You are viewing a plain text version of this content. The canonical link for it is here.
Posted to user@nutch.apache.org by "NG-Marketing, M.Schneider" <sc...@ng-marketing.com> on 2006/07/12 12:10:00 UTC

Pornfilter

Hello List,

 

does anyone of you have a "pornfilter" not to fetch those URLs and therefore
save bandwidth and storage space?

 

I could do that with regular expressions and the URL-filter, of course. But
maybe there is another way and somebody already made a plugin for that. Any
hints would be great.

 

Yours

Matthias

 


Re: Pornfilter

Posted by Ken Krugler <kk...@transpac.com>.
>does anyone of you have a "pornfilter" not to fetch those URLs and therefore
>save bandwidth and storage space?
>
>I could do that with regular expressions and the URL-filter, of course. But
>maybe there is another way and somebody already made a plugin for that. Any
>hints would be great.

We have an "adult content" filter that we'll be contributing back to 
Nutch. It uses keywords from the URL, content and meta fields to 
generate a probability value. We then flag pages as probable or 
possible adult, based on ranges. Seems to be working pretty well for 
us, though now we need to replicate & re-tune for poker and drug spam.

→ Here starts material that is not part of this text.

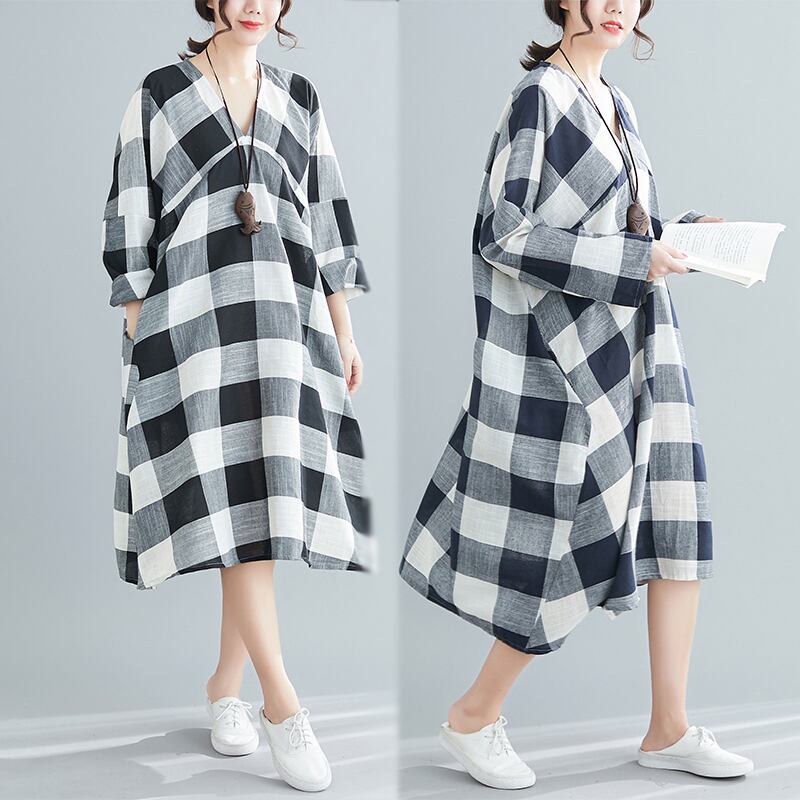 送料無料୨♥୧ サマーレディースシャツ ドレス Vネックブラックネイビーブルー格子柄 コットン 夏物 AOS54697458677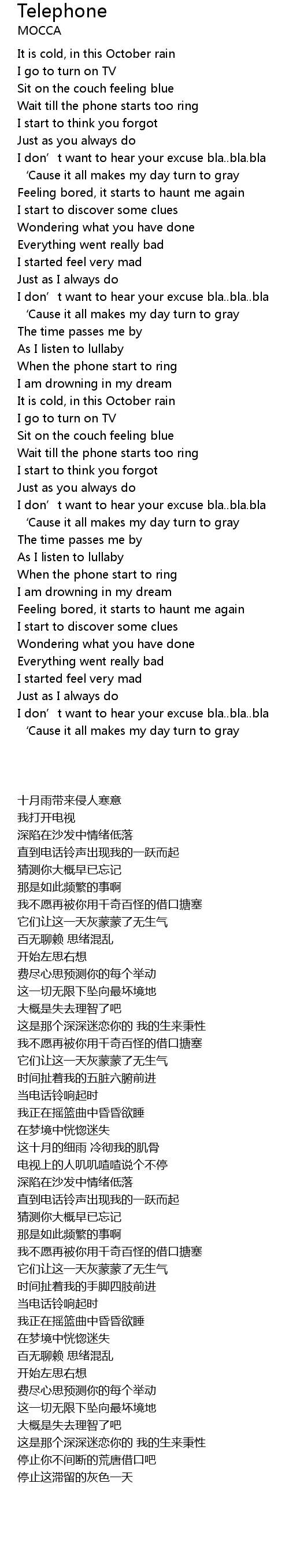 | [00:33.570] | 直到电话铃声出现我的一跃而起 |

Note that this does mean that an adult page does get fetched, but 
where it's a win is in penalizing (via OPIC-style scoring) pages that 
this adult page points to. So we still wind up fetching a lot fewer 
worthless pages.

One potential problem this creates is that a lot of adult sites 
contain links to download various video player software. So some 
high-level pages at Adobe, Microsoft, Apple, etc. wind up getting 
identified as also being "adult" in nature, but since those pages 
aren't part of our focused crawl anyway, it's not a big deal for us.

-- Ken
-- 
Ken Krugler
Krugle, Inc.
+1 530-210-6378
"Find Code, Find Answers"

Re: Pornfilter

Posted by Matthias Jaekle <ja...@eventax.de>.
Hi,

We once downloaded a very flexibel regex from squidguard to ignore most 
of the porn urls.

Matthias


NG-Marketing, M.Schneider wrote:
> Hello List,
> 
>  
> 
> does anyone of you have a "pornfilter" not to fetch those URLs and therefore
> save bandwidth and storage space?
> 
>  
> 
> I could do that with regular expressions and the URL-filter, of course. But
> maybe there is another way and somebody already made a plugin for that. Any
> hints would be great.
> 
>  
> 
> Yours
> 
> Matthias
> 
>  
> 
>